As he's trying to put his arm around me and told me to close my eyes, not gonna lie I was kinda scared, but all I felt was his lips against mine, i awkwardly push him away.

"Yeah, of course anything for my bae" Baz said in a really flirty way.

Which made feel even more uncomfortable, then I'm already am. I could feel my face turning red.

"Um Baz...I-I don't really know how to say this, but I want...I want to break up with you.  I said my face practically burning up.

Of course Baz starts to get angry and face is more red than mine.

"Excuse me, What did you say." Baz says trying really hard not to yell.
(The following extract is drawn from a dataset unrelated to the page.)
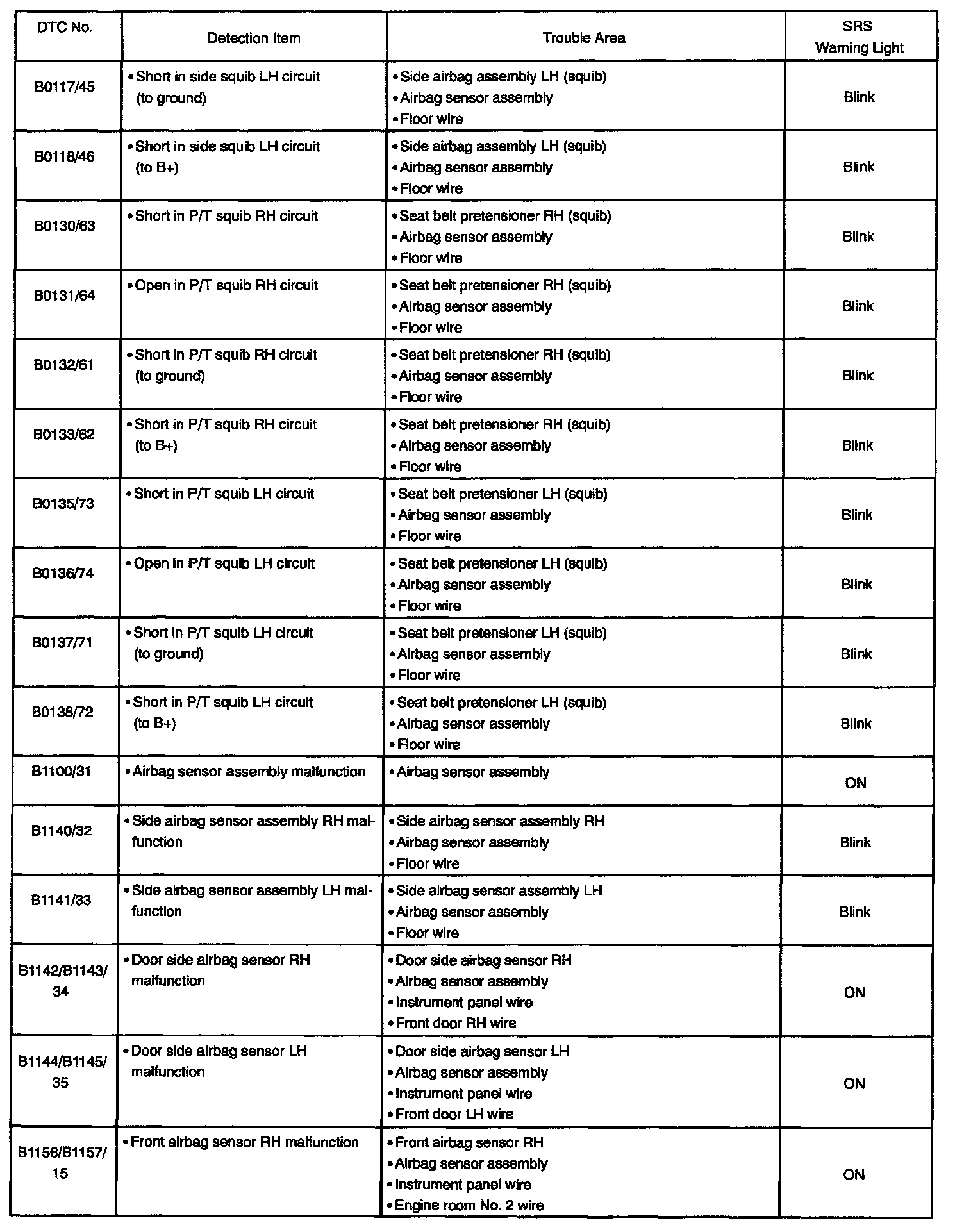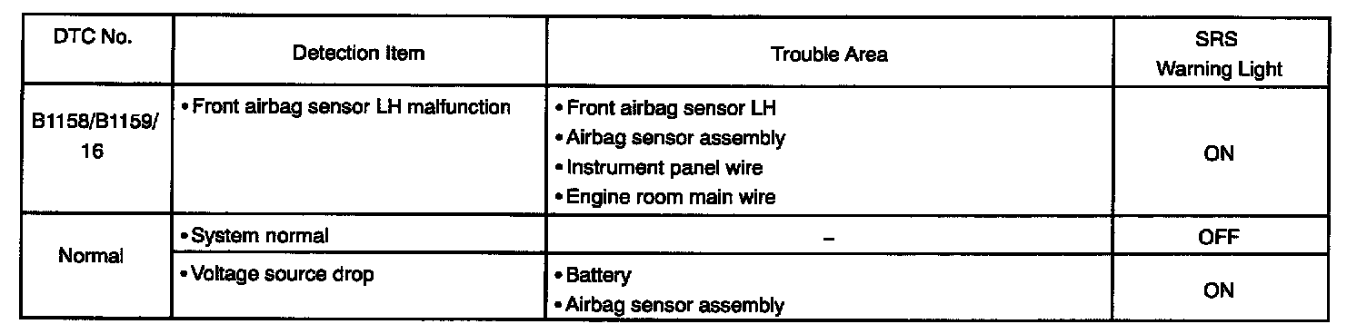 - In the case of any malfunction concerning any open circuit, ground short, or B+ short due to any squib, another malfunction code may not be detected. In this case, correct the malfunction currently indicated and then perform malfunction diagnosis again. Another malfunction code may then be detected.

I could fell my eyes starting to water, I keep sniffing hoping I wouldn't cry in front of him and the whole school.

"I-I said, I want to break up with you..." "It's not you, it's me, but mostly you, exactly it's all you" I know that sounds rude but it's true (don't lie you know it's true too).

"No one....no one has ever broken up with me, ever, Lauren you're making a big mistake!" Baz said nearly screaming, and drawing some attention.

I could feel my face start to heat up, and my stomach feeling queasy, from embarrassment, why must Baz yell when something doesn't go his way. It's really annoying. Baz was still standing on rage waiting for an answer, I tried to stay calm without yelling and making a fool of myself.

"Because they're scared and they know if they do, you're gonna get all mad, like you are now. If had enough of it, it's really pathetic and sad. I want to be with someone who doesn't boss me around and tell me what to do and what not to do and also forcing me to do things I don't wanna do. I can't take it anymore! Good bye Baz..." I said walking away.

Omg I can't believe what I just did and in such a calm voice too. I thought I was gonna explode with rage and go off on his ass. Well I kinda did, but it wasn't as bad as I thought it would be.